People with GAD will experience abnormal amounts of worry and anxiety about events and activities. Symptoms include feeling on edge, fatigue, brain fog, agitation, tense muscles, and difficulty sleeping (APA, 2013). Disturbances to social and occupational functions are significant. Anxiety due to another medical condition is diagnosed when the medical ailment induces anxiety and was documented before the onset of anxiety (APA, 2013). An example of this would be hyperthyroidism, which can dramatically increase the heart rate. Or, irritable bowel syndrome, which causes anxiety about bowel attacks in public.
Selective mutism often afflicts children with social phobias or social anxiety and adults with post-traumatic stress disorder. Sufferers do not initiate speech in social interactions or respond when spoken to. Selective mutism also involves acute shyness, social anxiety, isolation and withdrawal with mild oppositional behavior. Phobias include fear or anxiety about an object or situation that provokes individuals to avoid the object or situation (APA, 2013). Fear and anxiety are not appropriate to any actual danger or to sociocultural context and cause significant loss of daily social or occupational functions. An example of specific phobia is agoraphobia; the fear of leaving the home or open/closed spaces, public transportation, crowds or queues, and social situations (APA, 2013). Panic attacks may occur when patients encounter feared situations or objects. There is also unspecified anxiety disorder, but the DSM-5 notes this diagnosis is only given when an individual does not meet the full criteria or there is insufficient information to make a diagnosis of another specific anxiety disorder (APA, 2013).

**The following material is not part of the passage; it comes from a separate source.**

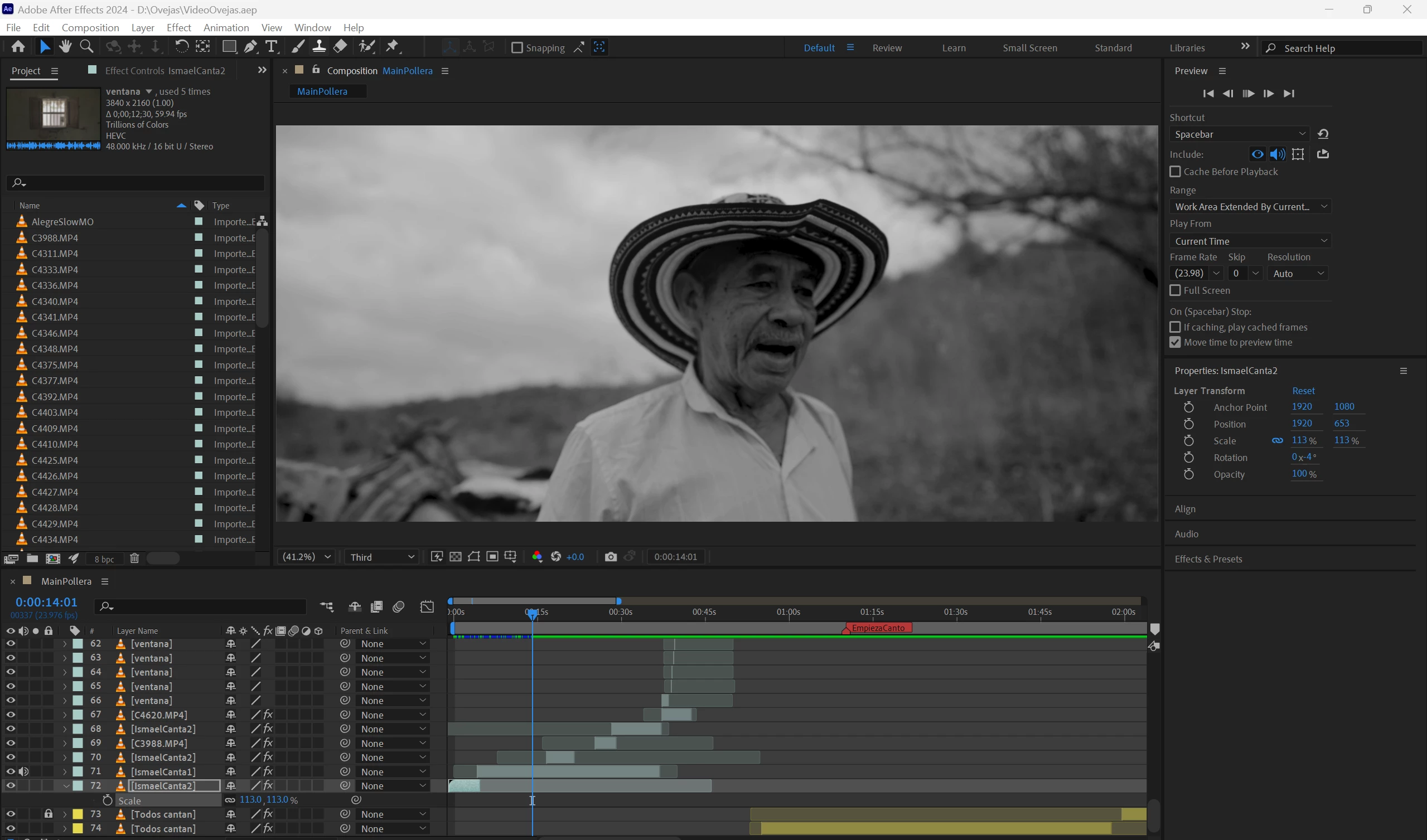 La previsualización (que siemrpe activo con la barra espaciadora) está totalmete congelada, no avanza, sólo funciona durante algunos fotogramas cuando reinicio el programa o el pc, pero vuelve a estancarse.

Short-term disorders can last from a few days (as with acute stress disorder) up to six months with the exception of substance-induced anxiety, which ends when the individual discontinues using the substance. Long-term disorders are pervasive, lasting at least six months. Some anxiety disorders are well known through media representation. However, much of this media has portrayed anxiety disorders inaccurately by sensationalizing, hyperbolizing, and confusing symptoms. The prevalence of this has led to the general public believing these disorders present in those ways. This may play a role in self-diagnosis and self-medication of a perceived anxiety disorder.

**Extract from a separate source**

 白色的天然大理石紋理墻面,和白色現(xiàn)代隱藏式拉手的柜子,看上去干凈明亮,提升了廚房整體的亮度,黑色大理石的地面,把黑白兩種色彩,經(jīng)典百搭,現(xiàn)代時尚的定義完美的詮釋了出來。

Inaccurate representation plays a role in some of the properties of anxiety disorder patient care such as determining causes for disorders, psychotherapeutic and medicinal treatments, and comorbidity with other psychiatric disorders like substance abuse. According to Cox, Norton, Swinson, and Endler (1990), the connection between anxiety disorders and substance abuse can be divided into two parts: “the incidence of anxiety disorders in substance abuse patients and the incidence of substance abuse in patients with panic-related anxiety disorders” (p. 385). Cox et al. (1990) note 10-40% of alcohol abusers have been diagnosed with an anxiety disorder, while 10-20% of anxiety-disordered individuals abuse alcohol or other drugs (p. 385). Despite its prevalence for comorbidity, these two disorders do not have considerable research explaining why they present together so frequently. Treatment and intervention outcomes suffer due to a lack of understanding of the relationship between anxiety and substance abuse (Baillie et al., 2010).
It has been documented that favored prescription medications and several substances of choice used to invoke relaxation, bolster confidence, or eliminate social reservations actually instigate social anxiety or produce substance-induced anxiety disorders. Some even trigger panic attacks. Smith and Book (2008) note that substance-induced anxiety disorders only occur in .2% of comorbidities, making the disorder quite rare (p. 2). They also found supporting evidence that in 75% of cases, the anxiety disorder precedes substance use, indicating the latter was a form of self-medication, especially in the African American population (Smith & Book, 2008). The Alcohol and Drug Abuse Institute’s research consultant Susan Stoner (2017) conducted a national survey in 2015 that found 22.2 million people age 12 and older self-medicated with drugs – specifically marijuana. In another study conducted in June 2017, Stoner surveyed 1,746 patients to determine the reason for their marijuana usage. It was reported that 37% used it to combat anxiety, 16.9% partook to relieve panic attacks, and over 55% stated they used marijuana to increase relaxation (p. 3). Several studies have documented marijuana use to cope with the symptoms of various anxiety disorders (Lee, Neighbors, & Woods, 2007; Ruehle, Rey, Remmers, & Lutz, 2012; Crippa et al., 2009).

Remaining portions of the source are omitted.